The Ethics of medical trials need some soul searching
How can a pre-vocal infant tell you they have a side effect in a trial?
Photo credit: Unsplash:CC0 Public domain (cropped)
I would like there to be a ban on all testing of new treatments on HEALTHY individuals who are not able to communicate.
I also would call for a systematic re-evaluation of medicines that have been authorised based solely on trials with participants that could not communicate side effects.
If we consider the issue carefully it is ethically untenable to give a foreign substance or unnatural treatment to a HEALTHY infant who cannot voice a side effect. They are not able to offer consent and they cannot even provide meaningful data for the trial which causes the side effects to appear LESS simply because the trial subject is not able to REPORT them.
Especially prophylactic treatments promoted to healthy individuals must be exceedingly effective in UNBIASED TRIALS amongst the verbal population and somehow essential for infants before they would be considered for their use.

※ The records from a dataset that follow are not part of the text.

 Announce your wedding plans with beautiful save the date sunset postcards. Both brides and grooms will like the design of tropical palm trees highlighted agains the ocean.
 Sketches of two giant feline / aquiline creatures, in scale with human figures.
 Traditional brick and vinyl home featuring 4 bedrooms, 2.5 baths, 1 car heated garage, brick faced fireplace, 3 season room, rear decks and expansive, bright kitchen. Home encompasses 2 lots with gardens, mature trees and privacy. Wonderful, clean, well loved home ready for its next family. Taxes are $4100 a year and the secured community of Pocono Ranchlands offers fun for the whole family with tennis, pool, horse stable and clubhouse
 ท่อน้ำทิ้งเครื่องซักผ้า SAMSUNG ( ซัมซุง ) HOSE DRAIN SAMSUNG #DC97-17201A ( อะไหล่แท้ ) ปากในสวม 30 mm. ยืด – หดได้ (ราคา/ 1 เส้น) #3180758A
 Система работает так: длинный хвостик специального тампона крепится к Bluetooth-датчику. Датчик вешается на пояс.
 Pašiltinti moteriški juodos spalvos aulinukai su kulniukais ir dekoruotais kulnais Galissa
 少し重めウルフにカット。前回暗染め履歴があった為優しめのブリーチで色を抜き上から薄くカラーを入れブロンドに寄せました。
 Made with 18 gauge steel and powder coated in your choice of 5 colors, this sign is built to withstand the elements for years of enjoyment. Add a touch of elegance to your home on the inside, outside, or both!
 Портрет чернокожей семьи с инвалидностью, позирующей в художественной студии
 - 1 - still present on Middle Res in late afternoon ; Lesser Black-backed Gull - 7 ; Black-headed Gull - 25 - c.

Yes, we will have to grandfather what we have now and then start re-evaluation from the products with the GREATEST REPORTED HARMS and with a lot of soul searching and NOT grant searching we should consider if infants should remain targets for the treatment.

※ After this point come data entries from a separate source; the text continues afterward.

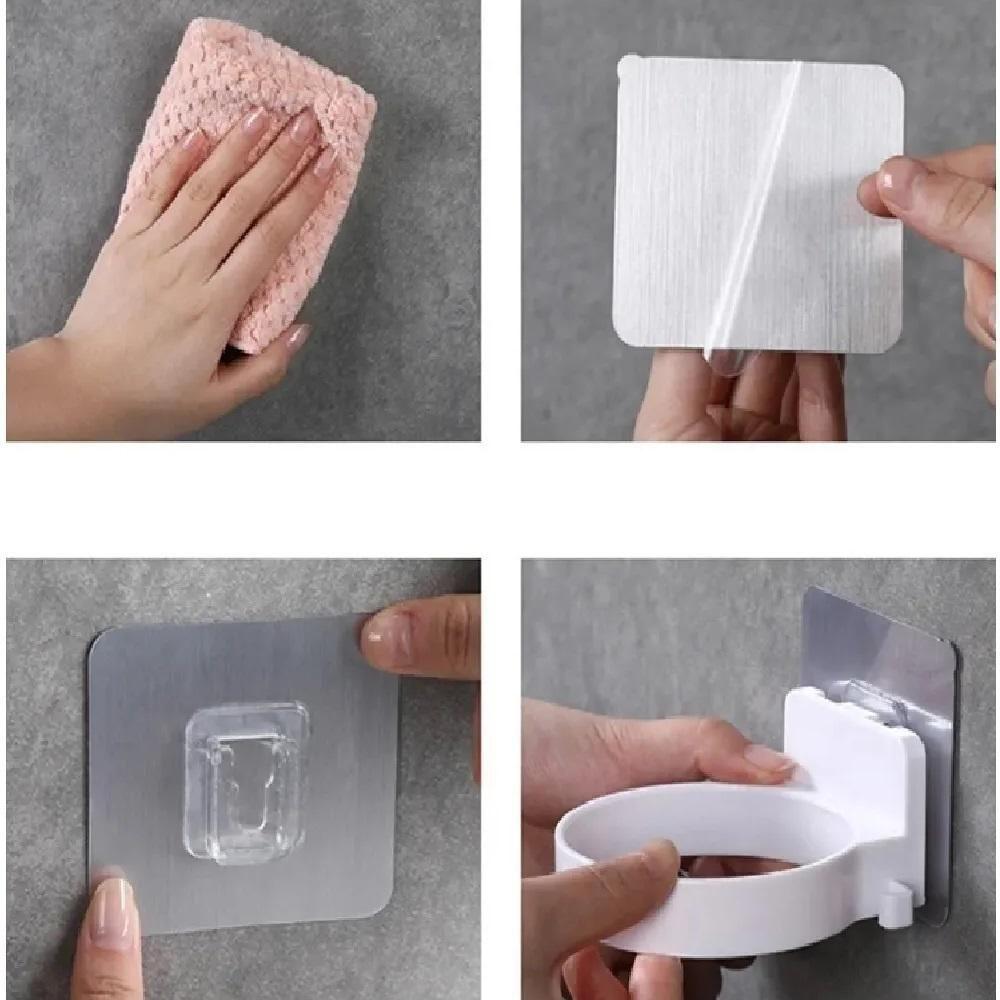 Suporte Secador Cabelo Sem Furo Organizador Fios Adesivo Parede 2 Em 1 Gancho Pendurar Porta
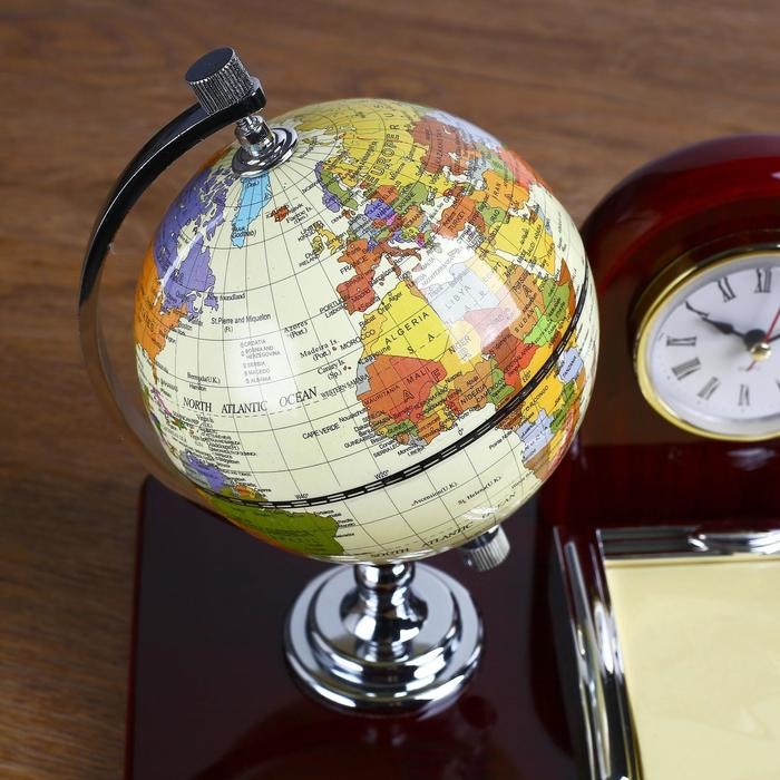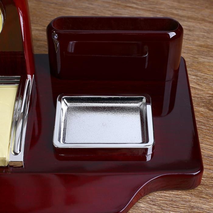 Набор настольный 7в1 с визитницей и часами, 19х24х16,5 см, вишня
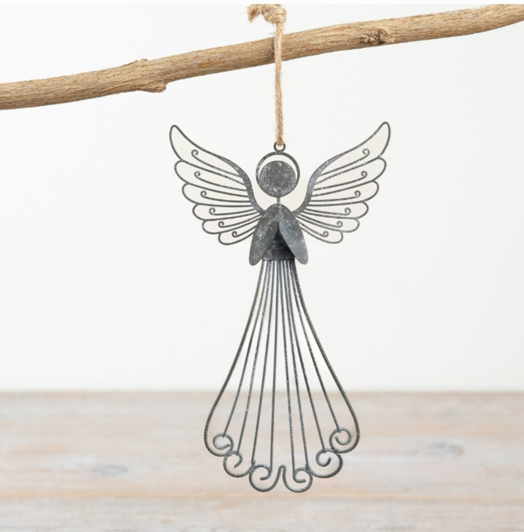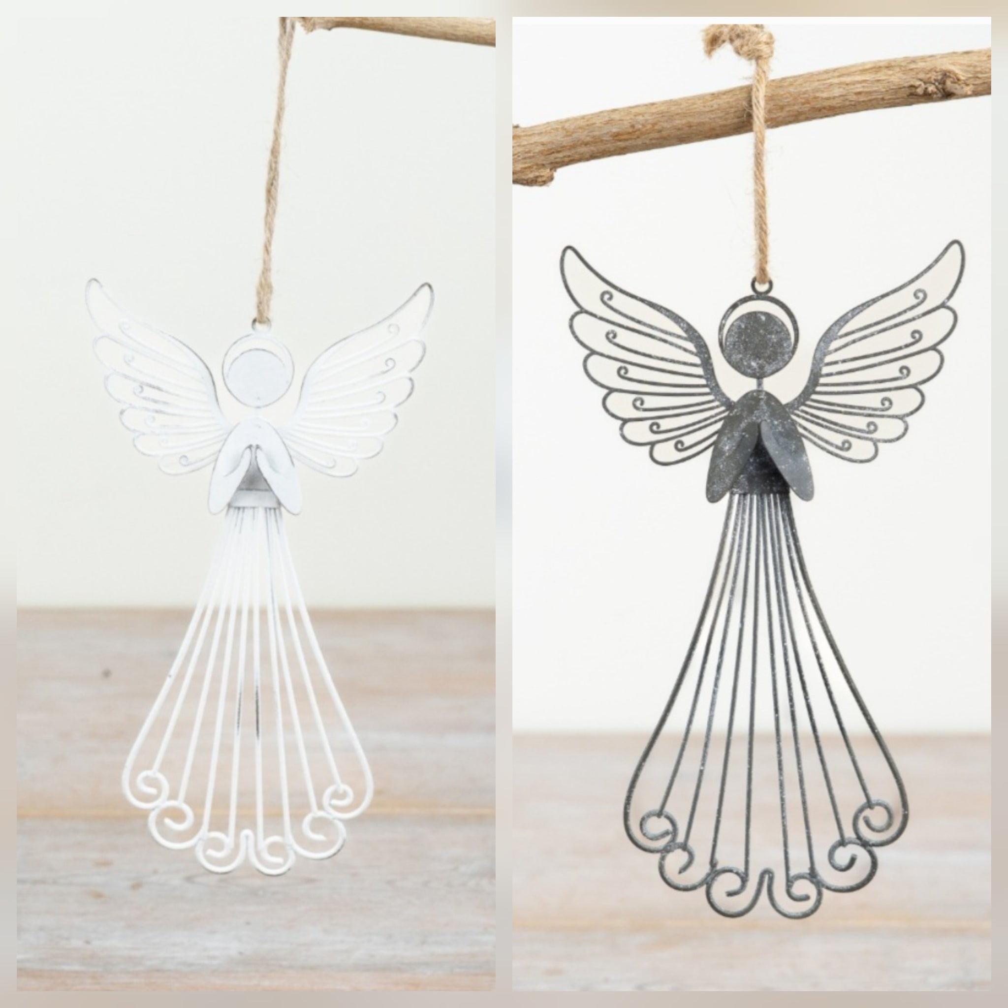 Charming wire angel hangers - white washed or grey - an elegant addition to your festive decor. Made from high quality wire and washed in white or grey .
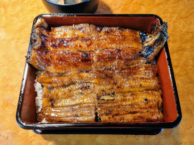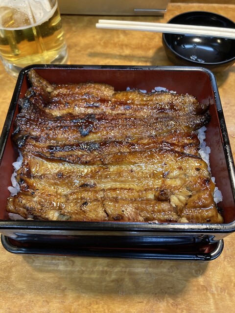 鰻は小ぶりだが、濃いめのタレで美味しく、ぺ...

There is no longer any justification for pretending that trials do not cause side effects. Should someone be ill and want to take part in a trial that is fine. Should one be healthy and take part in a trial against some payment in kind that too is fine.
However using healthy infants as test subjects who cannot voice consent or a side effect can no longer be allowed to happen.
How did these vaccines all get approved anyway?
How were the trials conducted ethically, how did they know that so many doses were needed at such young ages?